**DATA FOR THIS TASK**:
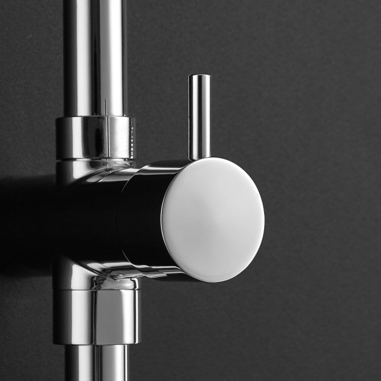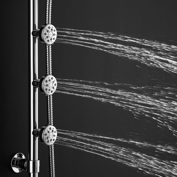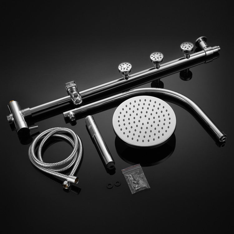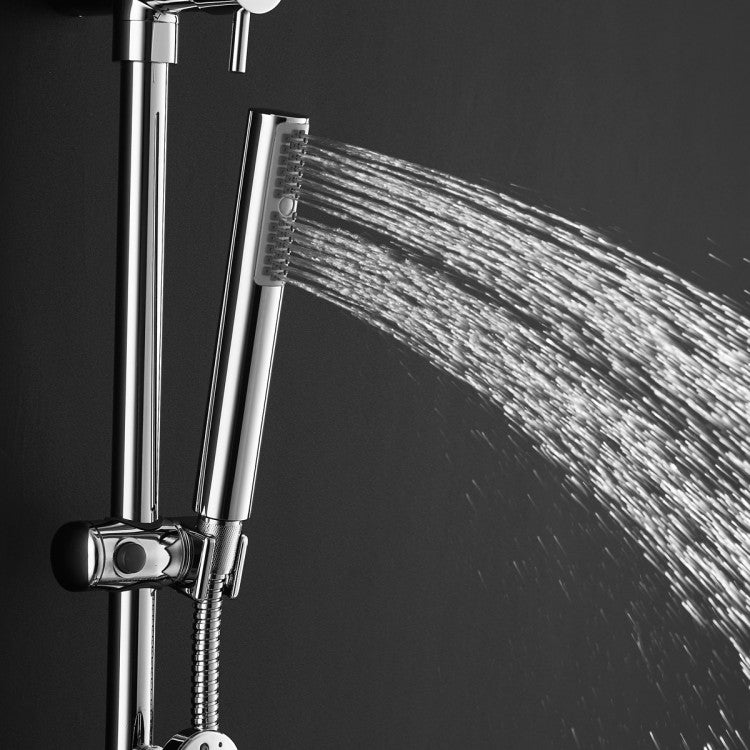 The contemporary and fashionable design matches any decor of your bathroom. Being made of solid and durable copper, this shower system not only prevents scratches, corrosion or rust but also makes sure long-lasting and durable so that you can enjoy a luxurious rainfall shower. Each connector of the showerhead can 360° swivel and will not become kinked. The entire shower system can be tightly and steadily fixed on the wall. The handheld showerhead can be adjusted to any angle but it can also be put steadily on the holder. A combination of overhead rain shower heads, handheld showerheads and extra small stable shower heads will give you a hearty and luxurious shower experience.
--
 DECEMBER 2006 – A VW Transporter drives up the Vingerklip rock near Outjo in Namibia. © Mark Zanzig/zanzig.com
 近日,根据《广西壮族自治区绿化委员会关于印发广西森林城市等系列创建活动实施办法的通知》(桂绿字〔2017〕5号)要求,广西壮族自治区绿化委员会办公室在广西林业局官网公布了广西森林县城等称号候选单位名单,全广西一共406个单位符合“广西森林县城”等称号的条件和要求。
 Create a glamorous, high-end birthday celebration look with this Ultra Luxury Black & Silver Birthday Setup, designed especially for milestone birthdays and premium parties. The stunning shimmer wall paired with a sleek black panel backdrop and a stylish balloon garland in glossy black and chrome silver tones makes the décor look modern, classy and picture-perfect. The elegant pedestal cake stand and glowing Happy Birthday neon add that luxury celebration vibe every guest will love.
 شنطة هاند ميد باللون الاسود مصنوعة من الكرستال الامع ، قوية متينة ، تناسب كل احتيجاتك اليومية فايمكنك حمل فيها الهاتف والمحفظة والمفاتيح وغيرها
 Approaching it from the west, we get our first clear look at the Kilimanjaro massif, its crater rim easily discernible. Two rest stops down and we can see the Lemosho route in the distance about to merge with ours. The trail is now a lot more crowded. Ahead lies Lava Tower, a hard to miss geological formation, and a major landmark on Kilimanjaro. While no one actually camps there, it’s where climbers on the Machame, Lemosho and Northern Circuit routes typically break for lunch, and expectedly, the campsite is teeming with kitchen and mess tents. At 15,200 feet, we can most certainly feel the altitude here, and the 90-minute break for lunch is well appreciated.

**YOUR INSTRUCTIONS**: Using only the entries above, output the line with "شنطة هاند ميد", the line with "Approaching it from", and all lines between them, exactly as they stand.

**RESPONSE BELOW**:
 شنطة هاند ميد باللون الاسود مصنوعة من الكرستال الامع ، قوية متينة ، تناسب كل احتيجاتك اليومية فايمكنك حمل فيها الهاتف والمحفظة والمفاتيح وغيرها
 Approaching it from the west, we get our first clear look at the Kilimanjaro massif, its crater rim easily discernible. Two rest stops down and we can see the Lemosho route in the distance about to merge with ours. The trail is now a lot more crowded. Ahead lies Lava Tower, a hard to miss geological formation, and a major landmark on Kilimanjaro. While no one actually camps there, it’s where climbers on the Machame, Lemosho and Northern Circuit routes typically break for lunch, and expectedly, the campsite is teeming with kitchen and mess tents. At 15,200 feet, we can most certainly feel the altitude here, and the 90-minute break for lunch is well appreciated.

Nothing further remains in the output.